Ensemble Theatre Company : 2016 Festival
The Romans in Britain by Howard Brenton

Dates and Venue July 15 - August 20, 2016, 8pm and Sun. matinees 2pm (in repertory) | Jericho Arts Centre, 1675 Discovery St., Vancouver

Director Richard Wolfe Costume Designer Julie WhiteScenic Designer Heipo Leung Lighting Designer Scott Zechner Sound Designer Patrick Fouchard Stage Manager Maria Zarillo

Reviewer Elizabeth Paterson

Howard Brenton’s Romans in Britain is as relevant and as unremittingly brutal as the daily news. The play moves through time: Celts are raided by Romans and destroyed by Saxons. Romans, Celts and Saxons together become English and invade Ireland. With each iteration the same brutality appears, and the same suffering. Home and family are swept away as armies plough through and both victims and soldiers become desensitized.

Brenton’s play is in some ways in-your-face message-based theatre. There are no subtleties of argument or any allowing of the audience to draw its own conclusions. Indeed there are no really likeable characters. Any potentially sympathetic character whether a homesick soldier or a young Druid raped is undercut by a demonstration of, for example, the barbaric cultural practices of the Celts as a slave owning and trading society, or the soldier’s utter lack of empathy

When this play was first performed in England, the Irish Troubles had been festering for a decade. Gun battles, bomb attacks, incarceration and torture had become commonplace topics. Lord Mountbatten and his family had recently been blown up by Irish terrorists and the Irish citizens’ group called the Peace Party had won the Nobel Peace Prize and there was no end in sight. Attacking the position of the British government and the actions of the Army as Brenton did was deliberately provocative.

Such warfare is a step removed from our daily lives in Vancouver but it is no bad thing to be reminded so forcibly of what daily life in Syria or Afghanistan or Iraq can be like. Or what happens to soldiers who are required to invade another country. While the original shock value may have worn off, it is still a brave choice to put on such a play.

ETC gives the play an energetic assault. Played in the round, with the actors often sitting Brechtian-fashion amongst the audience in the aisles, the performance becomes very immediate. A disturbingly spare set by Heipo Leung depicting barren, rocky ground encircled by powdery dust does duty for heath and shore, England and Ireland without change. Because the scenes set during the Saxon invasions of England alternate with those set in 20th century Ireland, the effect is as destabilizing as the swings between the points of view of the characters. Minimal props (Josina de Bree) and expressive lighting (Scott Zechner) were just enough to identify place and time

With sharp, smart army uniforms for Romans and British invaders, plaids in soft, natural dyes, homespun cloaks and shawls for the invaded, Julie White did an admirable job costuming a very large cast through 3 centuries.
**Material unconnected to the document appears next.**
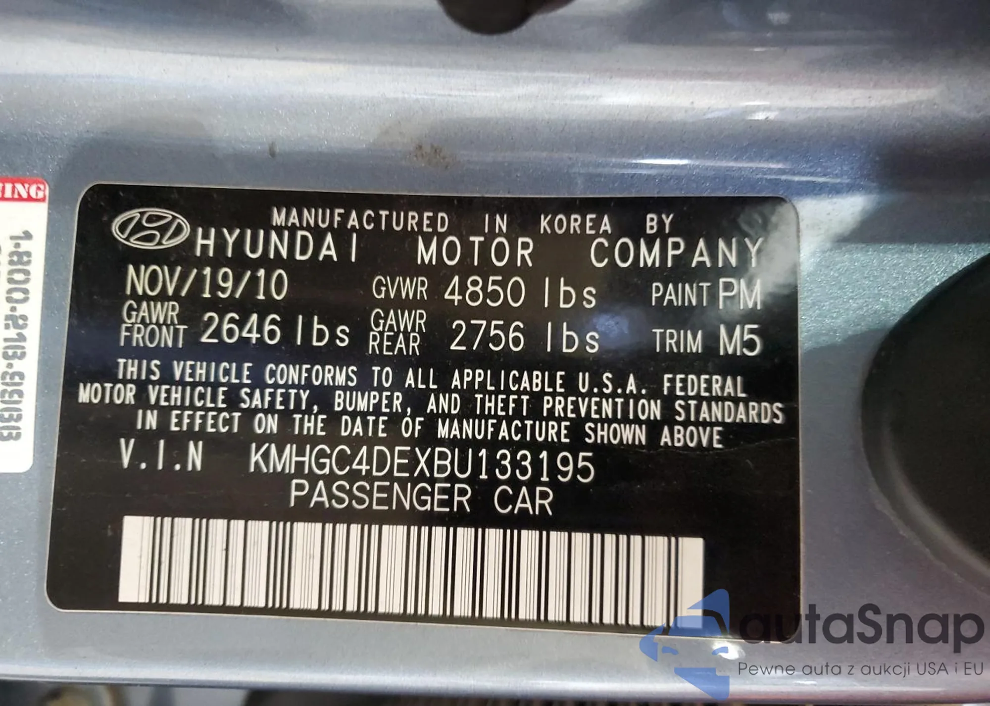 VIN: KMHGC4DEXBU133195

Some bold contrasts picked out a Roman lady in scarlet silk in the Saxon period and in the 20th century, official uniforms and business-like civilian dress for the IRA perhaps suggested the professionalization of victimness.

Themyriad characters come and go, though there are always victims and soldiers. Chad Ellis played the young Druid strongly and sympathetically and was also notable in his other parts. Rebecca Walters, Arianna McGregor, Alexis Kellum-Creer, Yurij Kis, Matthew Bissett and particularly James Gill as O'Rourke, the IRA commander, were consistently able. Ashley O’Connell starred as Caesar, cool, cerebral and authoritative and again as the suicidal British intelligence officer who hallucinates a peace.

Quite a bit of Brenton’s black humour went unremarked, and the cast seemed more comfortable with the modern scenes than the poetical, historical sections. Nevetheless, Richard Wolfe has presented a thoughtful and energetic view of a challenging drama well worth seeing.